In the next chapter, we'll dive into query languages—specifically Cypher and GSQL—and you'll get hands-on experience writing real graph queries. All the concepts we introduced here (nodes, edges, traversal, pattern matching) will show up again in concrete query syntax.

And you know what? When you see (alice:Person)-[:FRIEND_OF]->(bob) in the next chapter, it won't feel weird anymore. You'll think "Okay, that's a Person node named alice, connected by a FRIEND_OF edge to another Person node named bob." It'll feel natural.

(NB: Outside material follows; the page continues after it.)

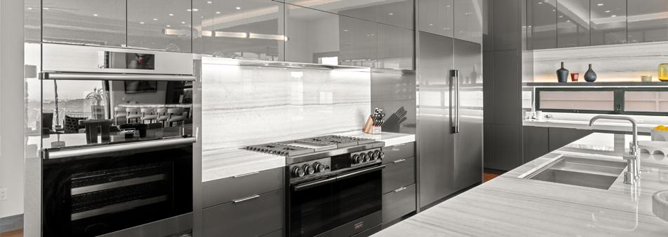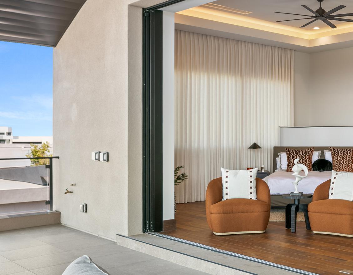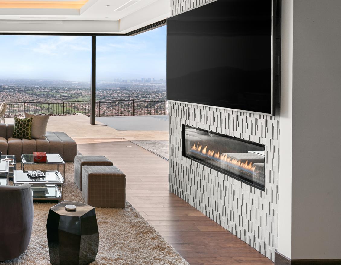 The main level is perfect for entertaining. Disappearing glass walls seamlessly merge the indoor and outdoor experience. The family room hosts a cozy fireplace, a full wet-bar with dramatic marble counter. Disappearing pocket doors exit to the full outdoor BBQ kitchen framed by views of the city.

That's the power of repetition and varied examples. The concepts we introduced here will keep showing up throughout the rest of this course, and each time you'll understand them a little better.

Key Takeaways

  1. The Labeled Property Graph model has four components: nodes (entities), edges (relationships), properties (attributes), and labels (categories)

  2. Relationships are first-class citizens in graph databases—they're real, queryable entities with their own properties and identities

  3. Index-free adjacency means nodes store direct pointers to connected nodes, enabling constant-time neighbor access regardless of graph size

  4. Schema flexibility lets you choose: schema-optional for agility and evolution, or schema-enforced for consistency and data quality

  5. Traversal and pattern matching make graph queries intuitive—you describe the structure you're looking for, not how to find it

  6. Multi-hop queries are where graphs shine, maintaining performance even at 5+ hops while RDBMS queries timeout

  7. Validation and rules help maintain data quality as graphs grow, though approaches vary by database

Most importantly: Don't worry if this all feels overwhelming. These concepts will appear again and again throughout this course, in queries, in examples, in case studies. Each repetition will strengthen your understanding. By the end of the course, you'll be thinking in graphs naturally.

Ready for the next step? Chapter 4 awaits, where all this theory becomes practice through actual query languages.


Graph databases ask you to think differently about data, but that difference is actually more natural—it's how you already think about the connected world around you. The learning curve isn't steep; it's just unfamiliar. Give it time, and it'll click.